Action item |
Would you please copy all of the data exactly, skipping the images?

Recorded information |
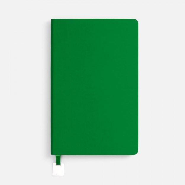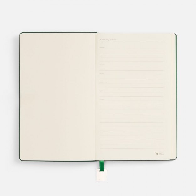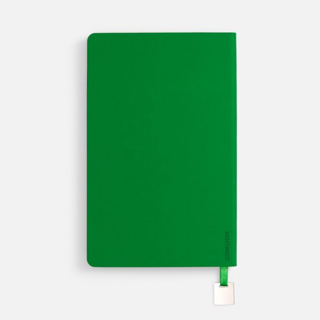 Ежедневник с гибкой обложкой, выполнен из материалов Soft Touch Ultra, зеленый FF, и Latte, зеленй (внутренняя часть обложки), дополнен ляссе в цвет обложки и металлической шильдой.
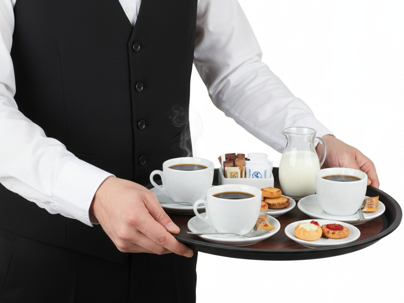 - Krok 1 — rozpocznij użycie tacy do serwowania napojów i potraw w restauracji.
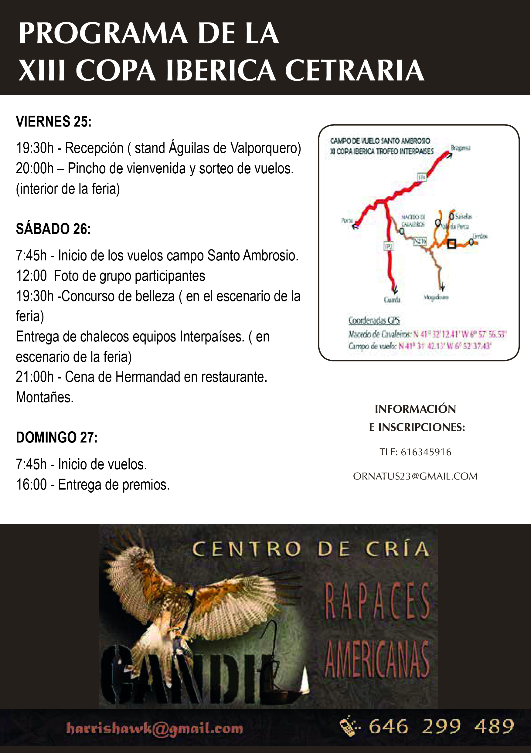 Ademas de este medio para comunicaciones usamos la cuenta de facebok. "XIII Copa Ibérica de cetreria" el correo electronico ornatus23@gmail.com y en el tel. 616345916 Jose Antonio Alonso Perez
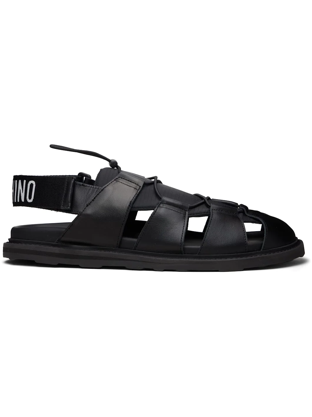 Buffed leather and ripstop sandals. · Cutouts throughout · Bungee-style drawstring at vamp · Logo-woven velcro strap at heel · Foam rubber midsole · Treaded rubber sole Supplier color: Black/Black Upper: leather, textile. Sole: rubber. Made in Spain 261720M234001

Answer for this exercise |
 Ежедневник с гибкой обложкой, выполнен из материалов Soft Touch Ultra, зеленый FF, и Latte, зеленй (внутренняя часть обложки), дополнен ляссе в цвет обложки и металлической шильдой.
 - Krok 1 — rozpocznij użycie tacy do serwowania napojów i potraw w restauracji.
 Ademas de este medio para comunicaciones usamos la cuenta de facebok. "XIII Copa Ibérica de cetreria" el correo electronico ornatus23@gmail.com y en el tel. 616345916 Jose Antonio Alonso Perez
 Buffed leather and ripstop sandals. · Cutouts throughout · Bungee-style drawstring at vamp · Logo-woven velcro strap at heel · Foam rubber midsole · Treaded rubber sole Supplier color: Black/Black Upper: leather, textile. Sole: rubber. Made in Spain 261720M234001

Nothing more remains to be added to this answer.